Вдохновился я. Еще рюмашку выпил, капусткой с фасолью закусил, и совсем расхрабрился. Чего ждать до завтра. Зову свою будущую в соседнюю комнату, в ту, с одеждой на кровати.
Вроде согласна пойти, поговорить.
Иду первым. В комнате темно. Но свет не включаю. Лучше же будет нам вдвоем. В темноте.
Встал по средине комнаты. Не знаю сесть ли на кровать. Или так стоя и дождаться. Может, быстро придет.
И тут у меня как заурчит в животе. После закуски той, наверное. Капустка с фасолью взыграли. Живот вспучило барабаном. И, что делать, пока не пришла, облегчился я. От души. Гудком заводским. А запашок-то пошел, боже милосердный…
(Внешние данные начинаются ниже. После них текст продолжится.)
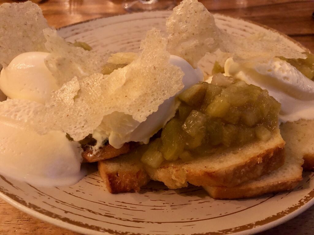 En dessert, le pain perdu à la bourgeoise était marié à la rhubarbe et au lait battu.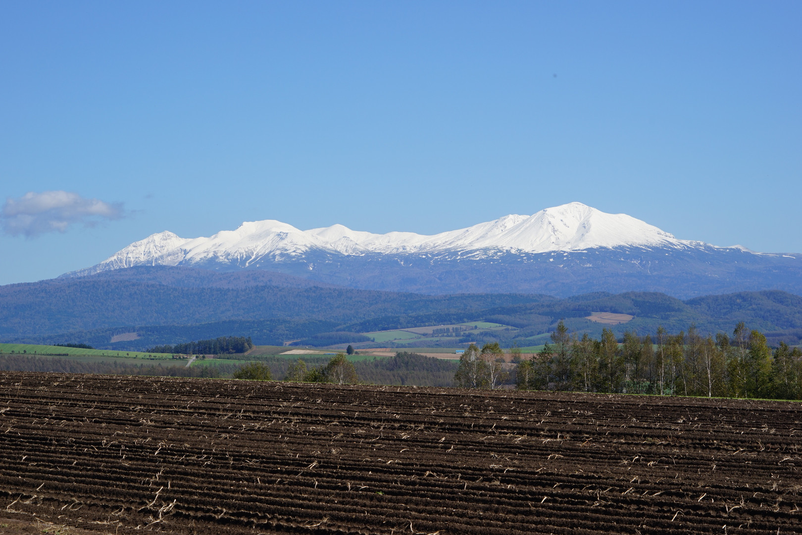 雪帽子をかぶった大雪山、一月もすると里も雪景色。

Пальто чье-то с кровати схватил и давай им махать. Воздух разгоняю. Помещение вентилирую.
Тут дверь открывается. Моя будущая входит. И рукой сразу к выключателю, свет включает:
– Ты здесь?
На пальто женское в моих руках смотрит:
– Что это такое делаешь?
А из-за спины у меня хохот дикий. Дружок мой со своей подружкой комнату эту раньше меня оккупировали. Зарылись в ту самую одежду, оставленную на кровати. Целовались да обнимались. А когда я зашел, затаились. Не поняли, кто и зачем. Подумали, может сразу же и уйдет. Молчком ждали, присутствия своего не выдавали. И даже, когда по газам вдарил, сдержались. Хоть смехом давились. Но уж, когда свет моя будущая включила, и прятаться им смысла не стало, то тут они оторвались:
– Гы-ы-ы!!!!!
Моя будущая понять ничего не может:
– Что здесь случилось?
А дружок со своею ржут – красные. И я тоже красный. Стою, не знаю, что и сказать-то…
Ракетчики
Ага, в армию меня в ракетные войска призвали. В часть вечером привезли. Подстригли сходу наголо, в бане помыли, форму выдали, ужином накормили. И в казарму. Спать.
Улеглись мы. А никто из новобранцев сразу заснуть не может. Возбужденные все. Столько впечатлений навалилось. Да тут еще и непривычная грубая солдатская еда. Черный хлеб. Каша перловая. Пучит всех. Будь здоров. Лежим, попердываем да шепунков пускаем.
И тут кто-то додумался к заду своему спичку зажженную приставить. Газ исходящий воспламенился. И как из огнемета струя жахнула. Вся казарма ржать. И все тоже – за спички. У кого объемный взрыв получается, у кого как из сопла ракеты пламя ревет. У всех по-разному. Феейверк, одним словом!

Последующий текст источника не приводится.